-- About this task --
Up to and including the line that holds "You can configure", print the data exactly from its first line; do not print the pictures.

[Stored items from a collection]

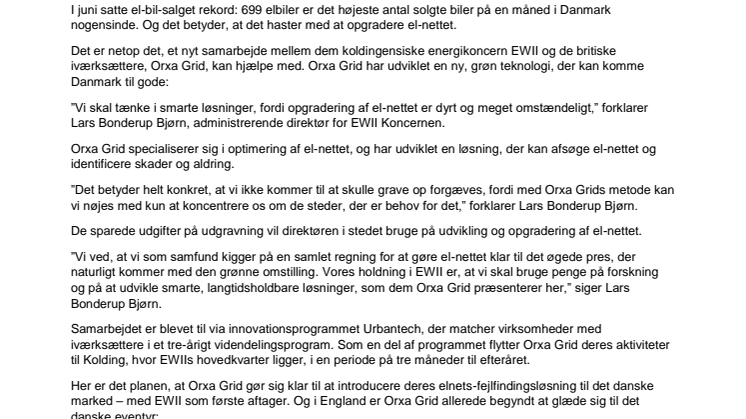 Samarbejdet betyder, at Orxa Grid i løbet af efteråret flytter til Kolding i en periode på tre måneder for at arbejde fra EWIIs hovedkvarter, og herfra udvikle deres produkt med henblik på det danske marked.
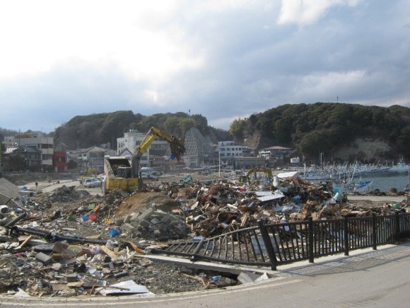 Today was the most blessed day of all, hands-down. We drove to a town about an hour south of Iwaki, and delivered water and toilet paper to some local residents. While we were there we saw some of the tsunami damage first-hand. Compared to other places it was fairly light, but there was still a huge pile of scrap that was being sorted on the beach:
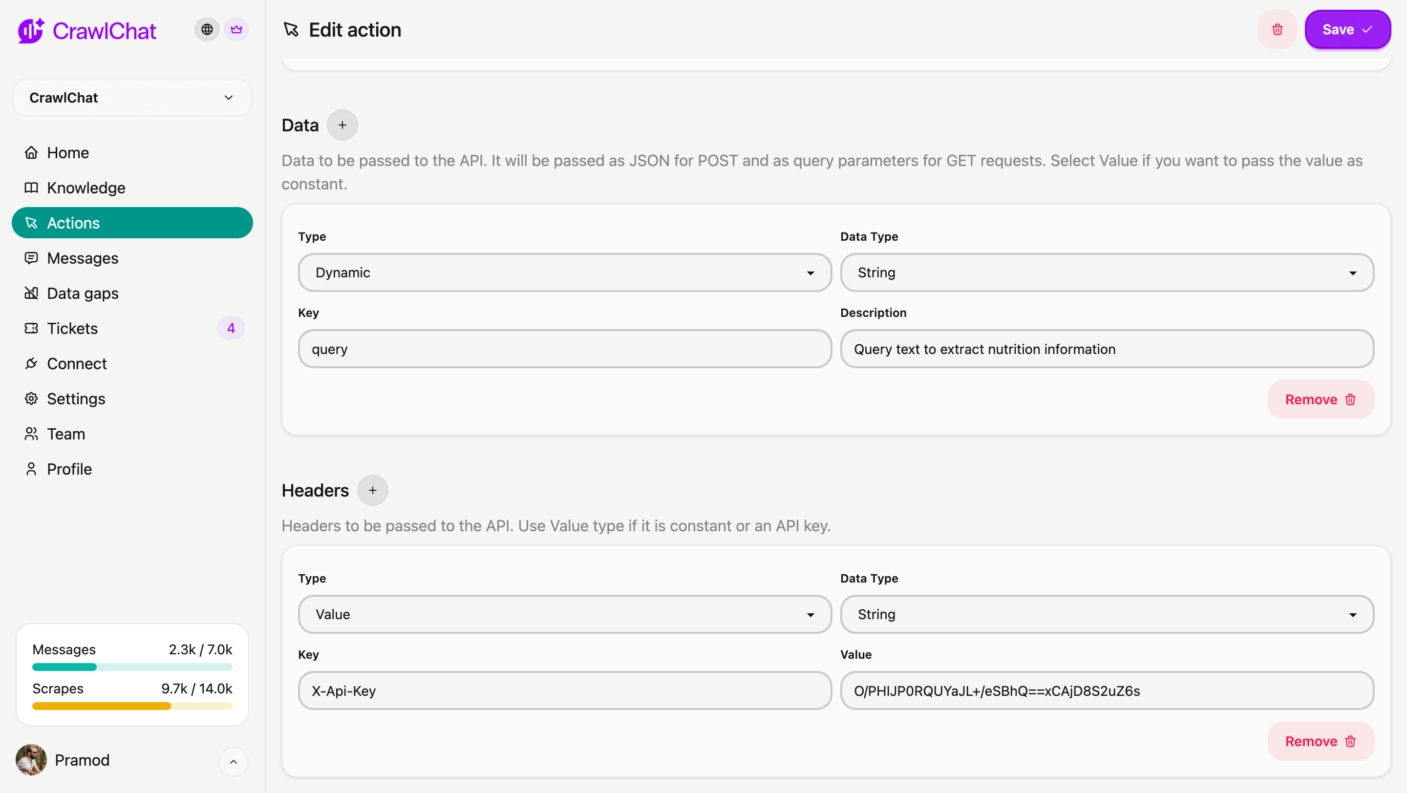 You can configure Headers in same way as explained above. Once you add an action, the chatbot would instantly start using it as you described it.
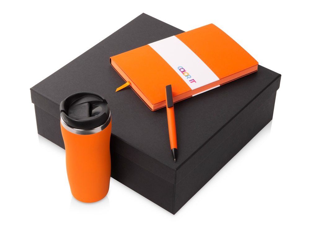 Color It — линейка, в которую входят хиты мерча в десяти самых популярных цветах. Еще никогда собрать сет под свой брендбук не было так просто. Широкая цветовая палитра серии позволяет создать идеальный набор в едином оттенке Pantone. Все товары имеют тактильно приятное покрытие софт-тач. Сет поставляется в коробке: мы продумали все, включая подарочную упаковку, за вас — осталось нанести лого! Термокружка оснащена плотно завинчивающейся крышкой, которая исключает проливание содержимого. Откидной клапан позволяет пить, не снимая крышку. Сохранение температуры осуществляется благодаря вакуумной изоляции и двойным стенкам. Бизнес-блокнот в гибкой обложке имеет ляссе в тон обложки и среза. Бумажный блок разлинован в линейку и выполнен из бумаги, полученной из древесины из специальных восполняемых лесных ресурсов, имеет сертификат FSC. Тонкое письмо ручки обеспечивается пишущим узлом с толщиной письма 0,5 мм с нажимным механизмом. Ручка имеет сменный стержень, поэтому такой мерч прослужит дольше обычной одноразовой ручки, долго напоминая о вас клиентам. - объём термокружки: 350 мл; - блокнот А5 128 листов; - ручка с необычным слайдером; - - подарочная упаковка из картона, оклеенного дизайнерской бумагой уже включена в набор.
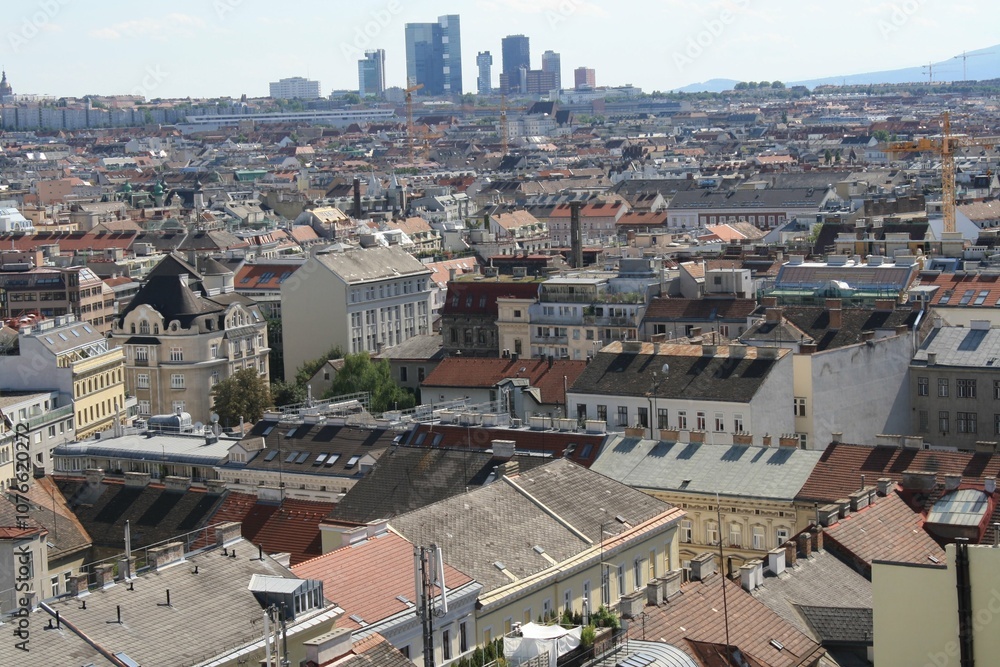 Fototapeta Panoramic view of Vienna's historic rooftops with modern skyscrapers in the back

-- Answer box --
 Samarbejdet betyder, at Orxa Grid i løbet af efteråret flytter til Kolding i en periode på tre måneder for at arbejde fra EWIIs hovedkvarter, og herfra udvikle deres produkt med henblik på det danske marked.
 Today was the most blessed day of all, hands-down. We drove to a town about an hour south of Iwaki, and delivered water and toilet paper to some local residents. While we were there we saw some of the tsunami damage first-hand. Compared to other places it was fairly light, but there was still a huge pile of scrap that was being sorted on the beach:
 You can configure Headers in same way as explained above. Once you add an action, the chatbot would instantly start using it as you described it.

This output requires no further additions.